◆ DATA FOR PROCESSING ◆
--

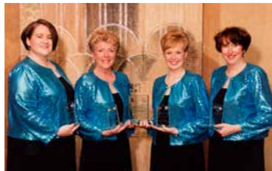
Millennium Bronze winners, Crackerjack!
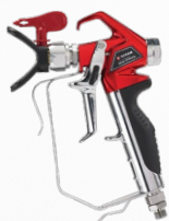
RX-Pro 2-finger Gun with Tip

--

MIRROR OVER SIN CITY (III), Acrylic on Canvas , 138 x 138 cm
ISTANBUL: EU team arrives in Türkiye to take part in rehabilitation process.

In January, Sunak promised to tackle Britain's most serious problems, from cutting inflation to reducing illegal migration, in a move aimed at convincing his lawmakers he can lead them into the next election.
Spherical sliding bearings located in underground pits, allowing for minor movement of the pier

--

◆ YOUR GOAL ◆
Please copy the lines above exactly, starting at the line that holds "Millennium Bronze winners, Crackerjack!" and ending at the line that holds "RX-Pro 2-finger Gun with Tip"; include both, but no pictures.

◆ RESPONSE TO THE TASK ◆
Millennium Bronze winners, Crackerjack!
RX-Pro 2-finger Gun with Tip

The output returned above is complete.